* **THE TASK**:
Look below for the line containing "Custom name, blue" and the line containing "home's welcoming atmosphere", then set down both and every line between them exactly, without pictures.

* **THE RECORDS**:
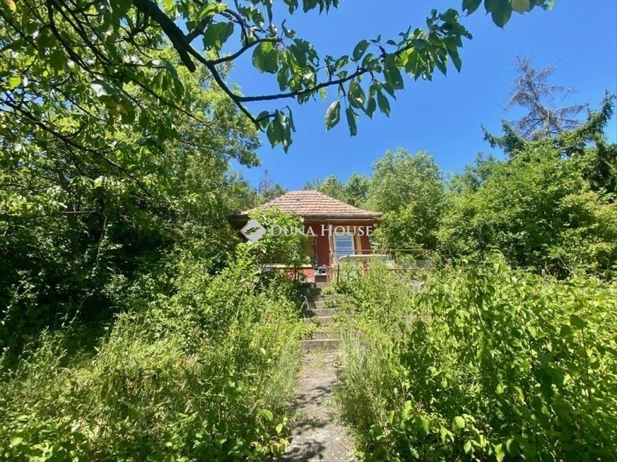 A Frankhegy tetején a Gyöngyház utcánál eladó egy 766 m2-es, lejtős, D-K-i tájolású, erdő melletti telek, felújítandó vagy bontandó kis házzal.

==

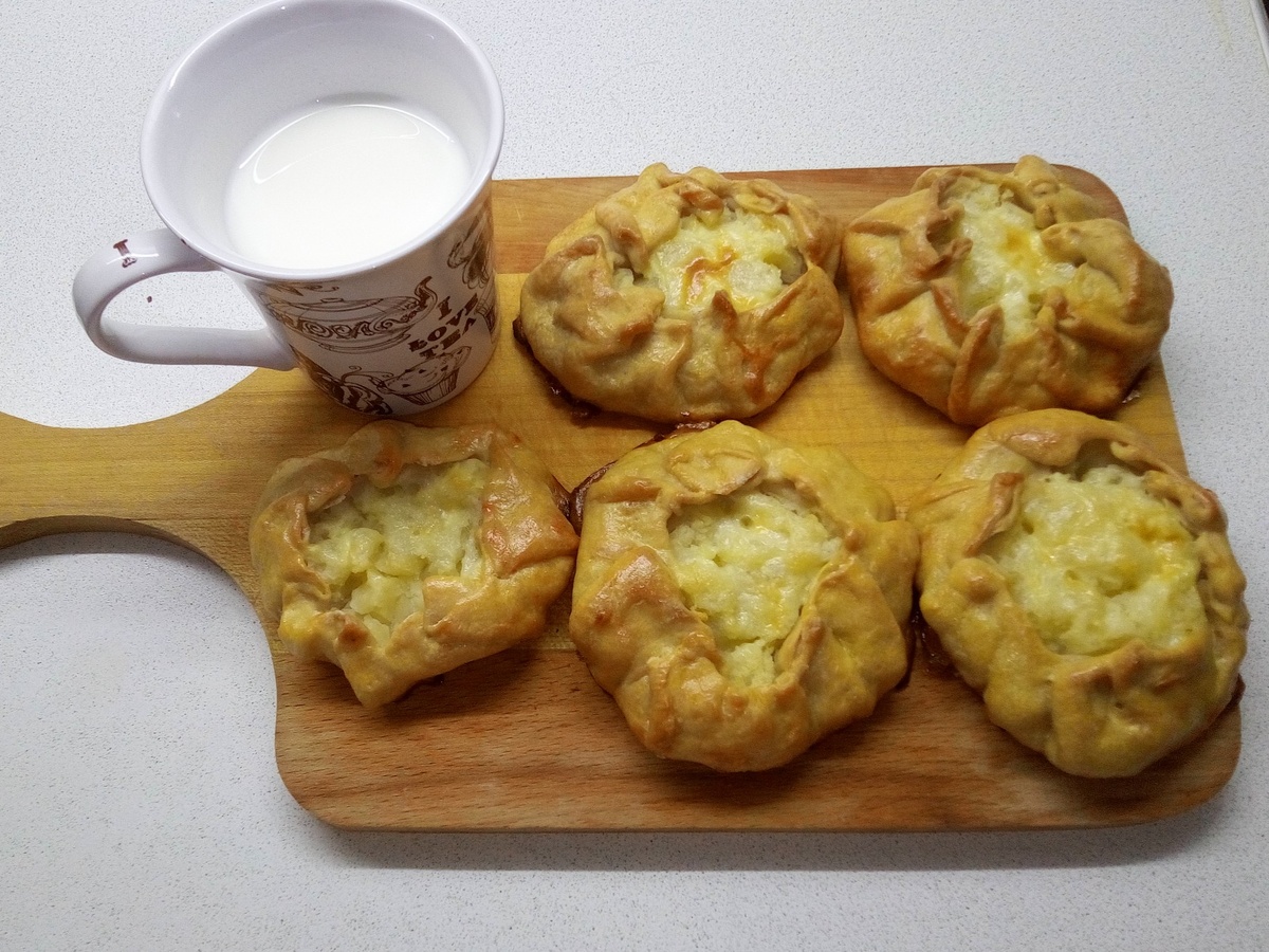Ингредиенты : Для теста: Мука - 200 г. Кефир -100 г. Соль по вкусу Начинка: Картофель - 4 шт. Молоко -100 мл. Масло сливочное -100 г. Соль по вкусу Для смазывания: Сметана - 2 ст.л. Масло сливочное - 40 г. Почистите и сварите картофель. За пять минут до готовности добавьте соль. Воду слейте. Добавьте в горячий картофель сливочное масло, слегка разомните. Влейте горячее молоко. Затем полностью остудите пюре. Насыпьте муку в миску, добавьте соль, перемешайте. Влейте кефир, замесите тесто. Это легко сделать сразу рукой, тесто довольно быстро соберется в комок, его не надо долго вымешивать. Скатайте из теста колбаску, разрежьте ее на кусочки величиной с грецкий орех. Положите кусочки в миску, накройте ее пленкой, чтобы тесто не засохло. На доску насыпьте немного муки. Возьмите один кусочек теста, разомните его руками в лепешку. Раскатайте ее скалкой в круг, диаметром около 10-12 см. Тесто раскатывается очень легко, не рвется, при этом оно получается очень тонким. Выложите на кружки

* * *

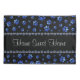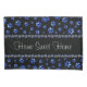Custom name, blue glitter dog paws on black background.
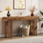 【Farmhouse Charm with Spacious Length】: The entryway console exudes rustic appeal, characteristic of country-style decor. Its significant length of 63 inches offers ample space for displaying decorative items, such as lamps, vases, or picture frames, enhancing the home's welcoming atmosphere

* **OUTPUT BELOW**:
Custom name, blue glitter dog paws on black background.
 【Farmhouse Charm with Spacious Length】: The entryway console exudes rustic appeal, characteristic of country-style decor. Its significant length of 63 inches offers ample space for displaying decorative items, such as lamps, vases, or picture frames, enhancing the home's welcoming atmosphere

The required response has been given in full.